Man I am glad I gave it a chance. It didn’t take long for me to accept the strange premise and get totally sucked into the story. At first Connor and love interest Risa, seem like very two dimensional characters and it took me a few chapters to feel connected to them, but we start to see why they both ended up on the run. 

Connor is a trouble maker, and his parents decide to sign the papers to have him unwound. Risa grew up in a group home, where if you don’t excel at something that can make them money when you get older, they will automatically unwind you when you reach your teens. Eventually the two find a safe haven, only to find that maybe it isn’t as safe, or as idealistic as they hoped.

Posted by Sas

Catalogue link: Unwind

Thursday, 26 October 2017

My Absolute Darling by Gabriel Tallent

Powerful, brilliant and shocking, this is one of those books that stay with you long after you finish it.

‘My absolute darling’ is what domineering and deeply flawed Martin Alveston calls his 14 year old daughter Turtle; whom he has brought up alone since the death of his wife.
Martin is a hard man; teaching his daughter how to use a gun with skill, fend for herself in their dilapidated home and run wild in the beautiful wilderness of the Northern Californian coast. He is convinced the world will end soon and mostly shuts himself off from modern life.

However we experience the world through Turtle’s narrative. She struggles at school, shuns people her own age, and surreptitiously visits her alcoholic grandfather (who is estranged from her father).
Turtle’s life changes when she helps two clever and playful High School students Jacob and Brett, who are lost in bad weather in the forest. This friendship opens her eyes to how other people live and she begins to question her father’s authority.

The flora, fauna and landscapes in My Absolute Darling are lovingly and beautifully described; enough for me to look up images online of the Mendocino Coast with it’s verdant forests and rocky coastline.

This is Gabriel Tallent’s first novel. He grew up near the Mendocino coast and spent eight years writing My Absolute Darling. He began writing while in his final year of University, homesick for his ‘free range’ childhood in the wilderness.

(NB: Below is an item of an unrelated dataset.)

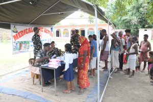 सुपौल. एसएसबी 45वीं बटालियन ने सीमा चौकी रिफ़्यूजी कॉलोनी के वार्ड नंबर 03 क्षेत्र में शुक्रवार को निःशुल्क मानव चिकित्सा शिविर का आयोजन किया गया. जानकारी देते हुए कमांडेंट गौरव सिंह ने बताया कि एसएसबी सीमा की सुरक्षा के साथ साथ भारत सरकार द्वारा चलाये जा रहे अनेकों कार्यक्रम को भी अपनी देख-रेख में संचालित करती है. इन्हीं में से एक है सीमा क्षेत्र में रहने वाले लोगो के लिए “शुल्क मानव चिकित्सा शिविर कार्यक्रम” जिसके अंतर्गत सीमा पर रहने वाले ग्रामीणों को चिकित्सकीय लाभ प्रदान किया जाता है. शुक्रवार इसी क्रम में ग्राम रिफ़्यूजी कॉलोनी वार्ड नंबर 03 क्षेत्र में निःशुल्क मानव चिकित्सा शिविर कार्यक्रम आयोजित किया गया. इसके अंतर्गत आस-पास के क्षेत्रों में रहने वाले ग्रामीणों को मुफ्त चिकित्सा के साथ साथ मुफ्त दवाइयों का भी वितरण किया गया है. 45वी बटालियन एसएसबी के डॉ अभिषेक भारद्वाज सहायक कमांडेंट द्वारा मानव चिकित्सा शिविर में 49 पुरुष, 44 महिला एवं 59 बच्चों सहित कुल 152 लोगों का इलाज किया गया.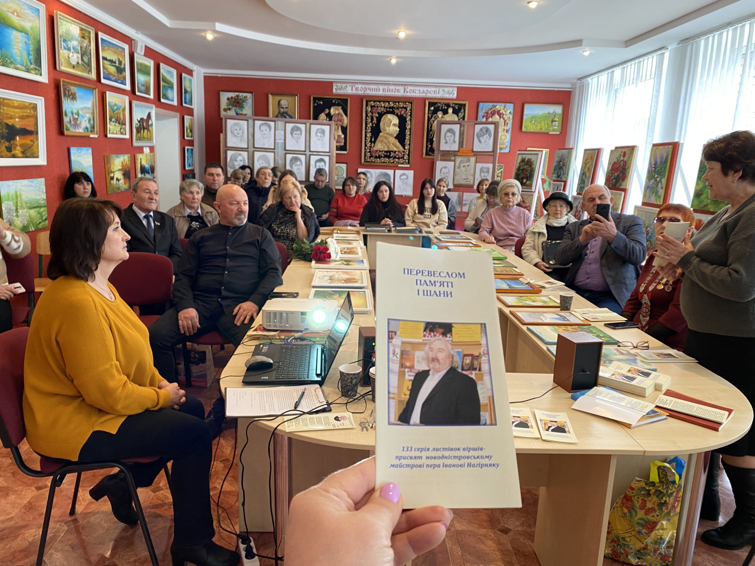 У земний ювілейний 75-й день народження Івана Семеновича Нагірняка серію листівок презентували у мистецькій залі Новодністровського історичного музею — це була, направду, щира родинна зустріч, за якою своїм до болю знайомим поглядом із портретів спостерігав незабутній «Почесний житель наших душ» і «Наш Буковинський Кобзар!..». Саме так я назвала свою передмову, у якій коротко розповіла майбутнім читачам про чудову людину і колегу по перу, котрий уже скоро 10 літ, як на Вічній правді (25.03.1949 – 1.09.2014).

A warning: graphic abuse is depicted in this novel; and I admit to putting the book down for a couple of weeks thinking it was not for me. I am glad I picked it up again; it is unforgettable and ultimately a novel of coming of age and rising above adversity, mixed with elements of a gripping thriller. Turtle’s character in particular is mesmerising; vulnerable yet tough, you just so want her to succeed and thrive. My Absolute Darling reminds me of a rural version of the award-winning A Little Life by Hanya Yanagihara; which was one of my favourite reads from last year.